Required work: Using the data that follows, give again word for word the lines between the one holding "Sitting on a" and the one holding "Станок для сверления", inclusive. Omit the pictures.

Dataset records:
....
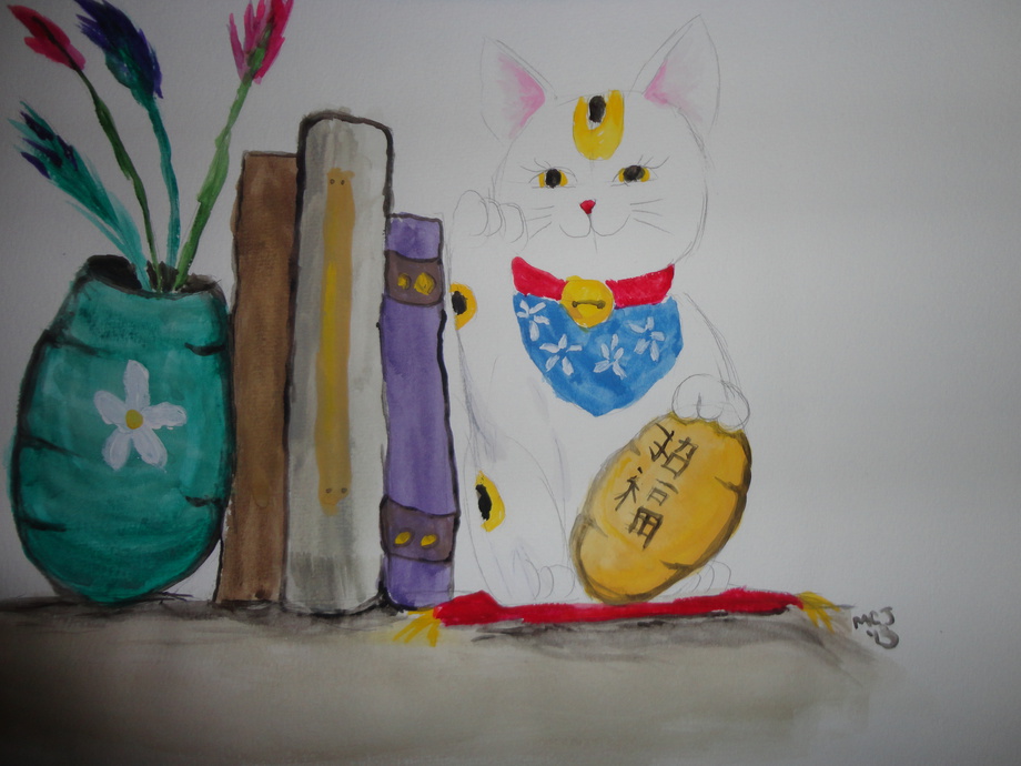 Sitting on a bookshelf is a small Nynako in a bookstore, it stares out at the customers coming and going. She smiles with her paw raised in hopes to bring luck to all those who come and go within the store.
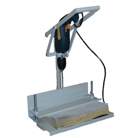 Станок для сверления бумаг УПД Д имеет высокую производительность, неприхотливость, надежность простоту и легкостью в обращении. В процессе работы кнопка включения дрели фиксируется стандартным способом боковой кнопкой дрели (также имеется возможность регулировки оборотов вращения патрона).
....
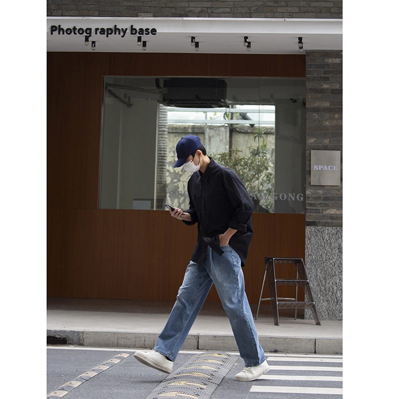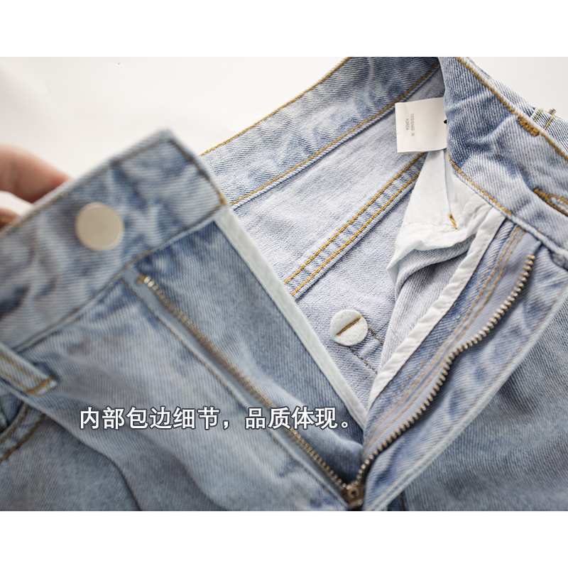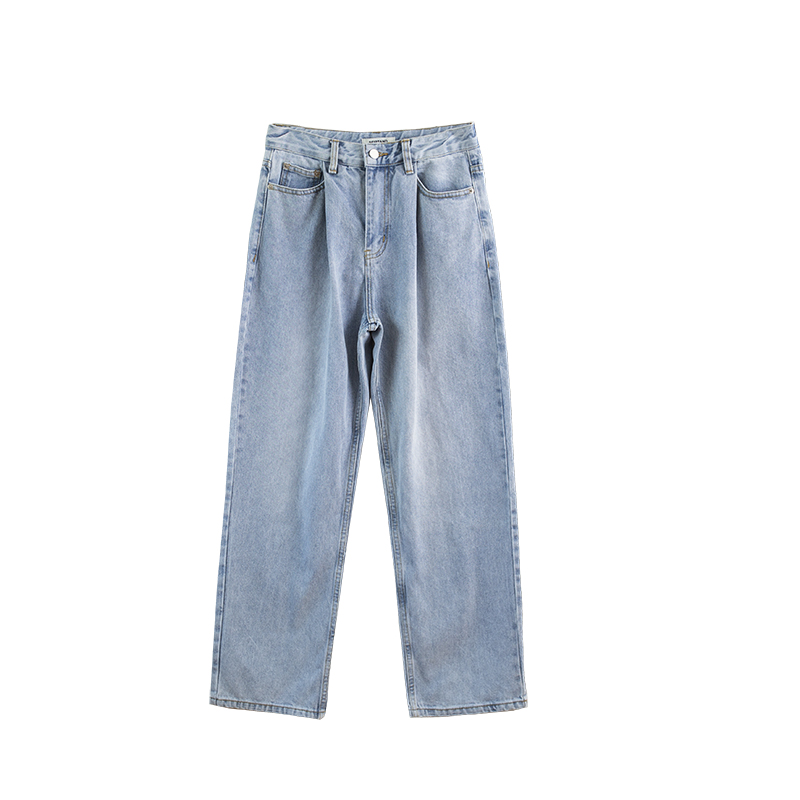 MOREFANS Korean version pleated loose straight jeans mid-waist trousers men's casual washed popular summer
....
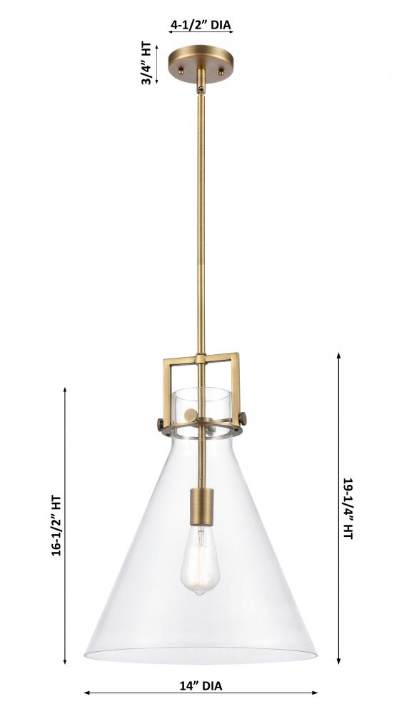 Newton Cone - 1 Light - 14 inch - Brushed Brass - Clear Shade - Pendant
....
Solution below:
 Sitting on a bookshelf is a small Nynako in a bookstore, it stares out at the customers coming and going. She smiles with her paw raised in hopes to bring luck to all those who come and go within the store.
 Станок для сверления бумаг УПД Д имеет высокую производительность, неприхотливость, надежность простоту и легкостью в обращении. В процессе работы кнопка включения дрели фиксируется стандартным способом боковой кнопкой дрели (также имеется возможность регулировки оборотов вращения патрона).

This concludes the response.